对于高应变、短寿命的复合材料热/机械疲劳,对应的主要细观破坏机理是纤维断裂。由于纤维拉伸强度的随机特性,在第一个循环载荷峰值点,部分纤维发生断裂,导致纤维断裂附近基体和基体/纤维界面产生局部循环热塑性变形,循环塑性引起基体/纤维界面脱粘,细观应力变形重分配。随着循环的增加,更多的纤维断裂及伴随的局部塑性和debonding,直至复合材料断裂破坏。这一区段的疲劳破坏特点是:破坏过程是渐进的、寿命具有随机性且对载荷大小非常敏感。本文从纤维增强金属基复合材料热/机械疲劳渐进破坏过程机理的分析出发,利用所建立的多纤维断裂诱导应力与变形重分配的细观损伤力学模型,考虑金属基体在热/机械载荷条件下循环响应的特征,引入一个循环周期内基体的塑性剪切应变的变化幅值作为判断纤维与基体发生脱粘的重要参数,发展了纤维断裂、局部基体拉伸循环塑性、局部界面剪切循环塑性以及基体/纤维脱粘等细观破坏模式控制的疲劳破坏分析模型,建立了一套能够预测复合材料热/机械疲劳寿命的理论体系和方法。通过采用Monte-Carlo方法较好地模拟了复合材料的热机械疲劳损伤演化过程,揭示了不同热机械载荷水平与疲劳破坏的细观机制之间的内在联系。研究结果反映:在不同热机械载荷水平作用下,材料的细观破坏模式是不一致的,因而使得解释和预测同相(in-phase)热机械疲劳(TMF)的S-N曲线与反相(out-of-phase)TMF的S-N曲线发生交叉成为可能,即高应变TMF加载时,同相TMF寿命比反向TMF寿命低,而在应变幅较低时,同相TMF寿命比反向TMF寿命高。同时,还研究了试件大小、纤维体积分数等细观结构参数对热机械疲劳寿命的影响,将热机械疲劳寿命S-N曲线与基体循环热塑性、体积分数、纤维统计强度以及纤维/基体界面特性定量地联系起来。

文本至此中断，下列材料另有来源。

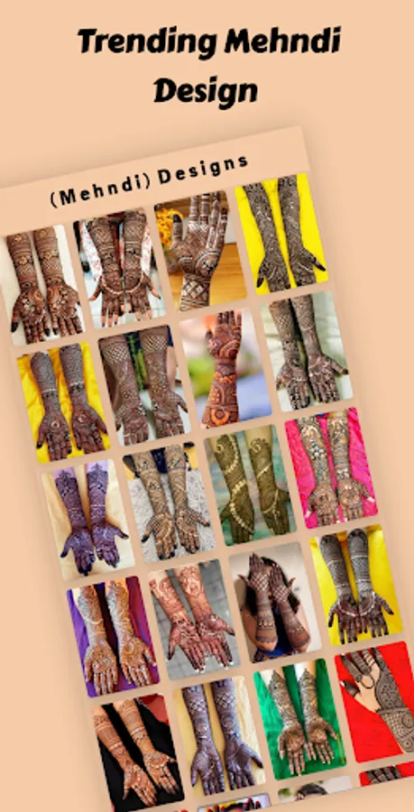 Mehndi Design 2023 has all latest mehndi designs for all cultures. This app includes pakistani mehndi designs, indian mehndi designs, arabic mehndi designs, indo-arabic mehndi designs, african mehndi designs, moroccan mehndi designs, western mehndi designs, indo-western mehndi designs etc.
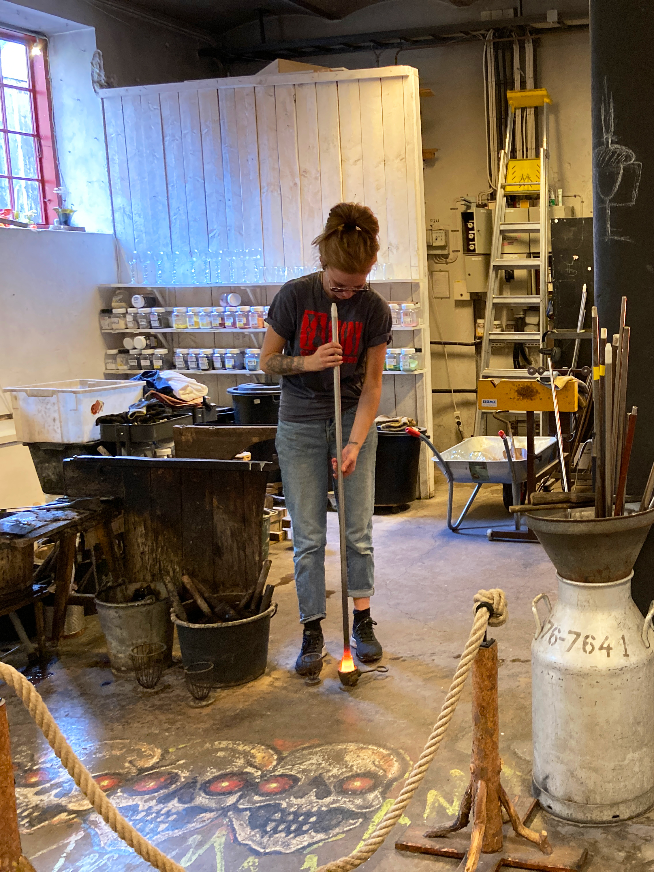 Ein paar gekalkte Holzwände mit Regalen, ein schlichter Tresen. Dahinter, Öfen mit einer Hitze im Inneren als käme sie direkt aus der Hölle. Der Verkaufsraum der Glasbläserei ist zugleich Werkstatt.
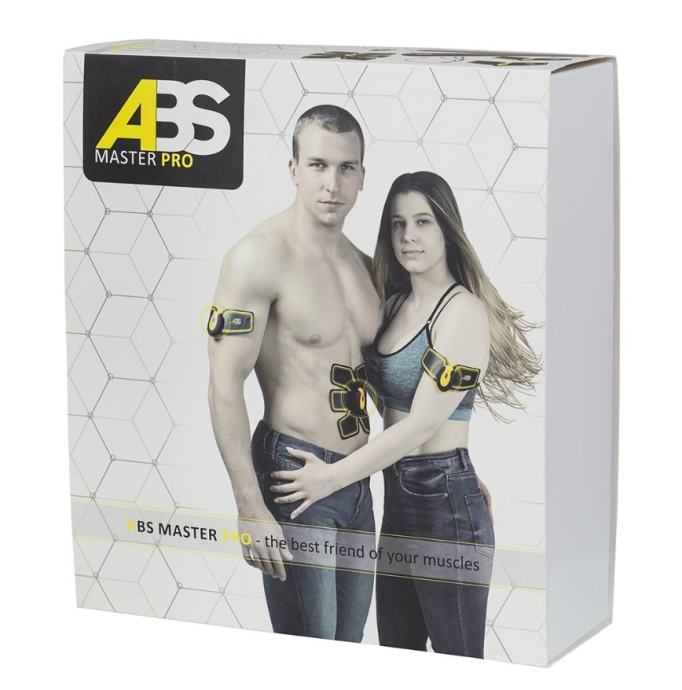 Sve popularniji način oblikovanja i učvršćivanja mišića je sa EMS stimulatorom. Pomoću njega možete oblikovati trbuh, ruke i butine. Električni valovi uzrokuju grčenje i hitro opuštanje mišića. Tako se mišići jačaju i dobijaju na masi u kratkom periodu. Ne opterećuje zglobove. Oblikujte i učvrstite mišiće sa električnom stimulacijom na trbuhu, rukama i nogama. Elektrostimulator za mišiće je napravalje od elektroda i samoljepljivih gelskih uložaka, koji ispuštaju jednosmjerni impuls. Ima ugrađen 20 minutni inteligentni program, koji počinje sa zagrijavanjem mišića, zatim intenzivnom vježbom i na kraju za hlađenjem i automatskim isključenjem. EMS jastučići su napravljeni od mekanog silikona i prilagođuju se pojedinim dijelovima tijela. Posebno oblikovane elektrode i samoljepljivi gel jastučići se prilagođuju svakom dijelu tijela i omogućuju svestrano treniranje. Jednostavno namjestite jastučiće u željeni položaj, kao što su trbuh, ruke, noge, ramena ili leđa.Ab MAster Pro ima 20 stupnjeva intenzivnosti i 6 načina djelovanja. Moguća uporaba za rehabilitaciju i opuštajuću masažu pri niskom intenzitetu. Možete koristiti svoj uređaj tijekom postojećeg treninga, ležanja, rada na računalu i još mnogo toga.Komplet posjeduje:1x ABS uložak sa 6 gelnih jastučića2x uloška za ruke i noge sa 4 gel jastučića3x elektro kutijicePojasDaljinski upravljačBaterija na punjenje za približno 6 sati djelovanja, skupa sa USB kablom za punjenjeTorbica

纤维增强金属基复合材料热/机械变形与破坏的研究一直是国际固体力学和材料科学领域众多学者关注的热点,是一个非常具有挑战性的课题。其特点亦即难点在于如何概括某些对宏观力学行为起敏感作用的细观和微观因素,以及这些因素的演化,从而使得非均匀材料的强化、韧化以及破坏分析立足于科学的认识之上。本论文从纤维增强金属基复合材料热机械静力和疲劳渐进破坏过程机理的分析出发,发展了一种热/机械强度和疲劳破坏分析的理论方法。模型的最大特点之一是,通过多尺度的连续介质力学研究,将材料的宏观力学行为与细观破坏因素定性和定量地联系起来。这种方法为分析多尺度的材料/结构力学行为提供了新的途径。通过本文的研究,希望提升人们对纤维增强金属基复合材料变形与破坏的认识水平,从破坏机理上理解并预测其热/机械强度和疲劳寿命。因而,既具有工程应用价值又具有科学意义。

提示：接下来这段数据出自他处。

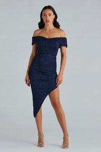 Unforgettable Glitter Off The Shoulder Midi Dress
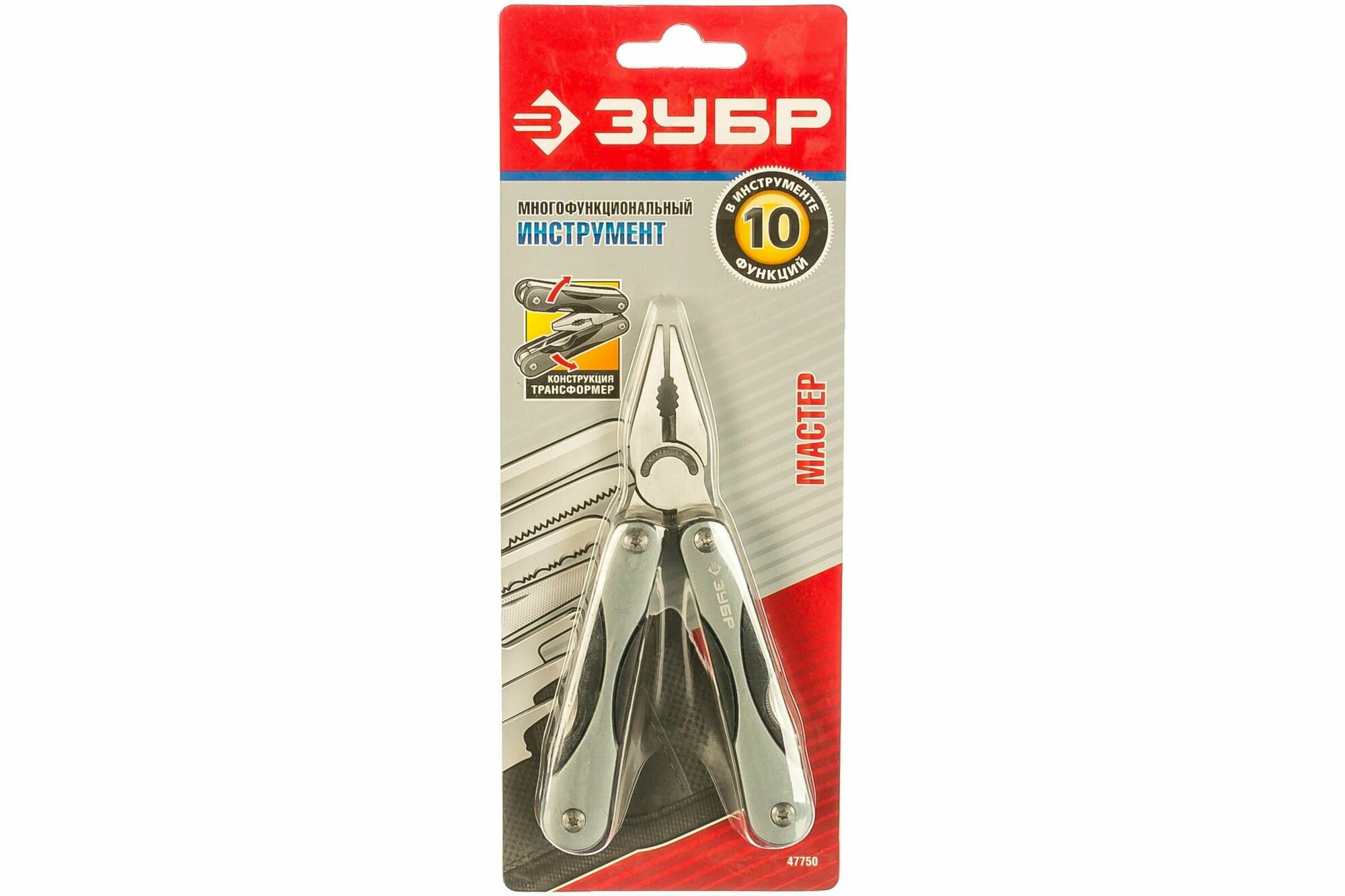 Мультитул Зубр Мастер, 10 функций, серый [47750]
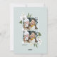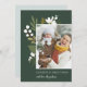Elegant botanical holiday photo card features your favourite vertical photo, aligned at the right for a modern look and flanked by green botanical sprigs, foliage, leaves and white lily of the valley flowers, on a rich hunter green background. Add your custom Christmas greeting (shown with "merry and blessed"), your names, and the year. Personalise the reverse side with two additional photos on a contrasting pastel sage green background. An elegant and festive holiday photo card that's sure to please everyone on your Christmas card list this season!
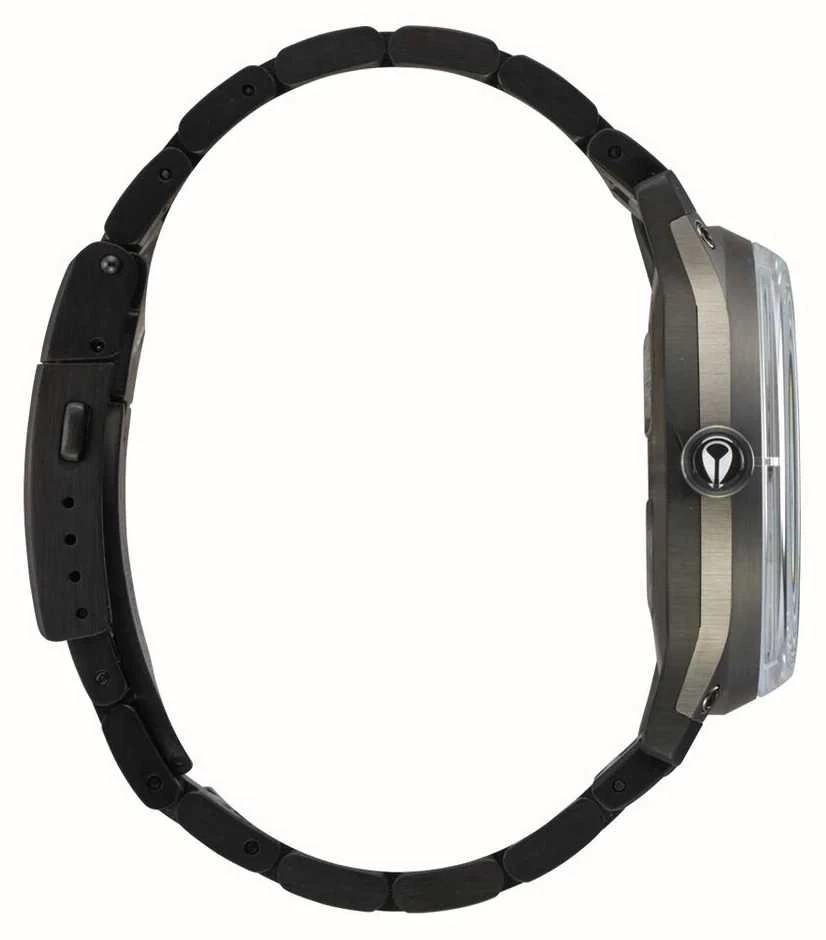 - Securing the watch is a black IP plated stainless steel bracelet.

Continuous fiber-reinforced metal matrix composites, shortened by MMC_f, are made up of matrix and reinforcement. The former usually consists of metal or alloy and the latter is composed of many kinds of fibers. More distinctly, it is characterized by a continuous metal or alloy matrix which is equably crammed with other constituent phases. As a heterogeneous and anisotropic material, this composite has an inspiring prospect of wide practical applications, especially in aeronautic and aerospace structures, such as advanced turbine engines and ultrasonic aerocraft, which displays unique superior performance as compared to other conventional materials. In many typical applications, MMC_f are subjected to a cyclic mechanical loading along with a superimposed variation in temperature. This type of complicated loading condition is referred to as cyclic thermomechanical loading. To submit an efficient employment and to take advantage of the entire application potential, it is an urgent task to require a through understanding of the micro-mechanism for the progressive failure under thermo-mechanical static and cyclic loading and to develop methodology to predict their strength and fatigue life.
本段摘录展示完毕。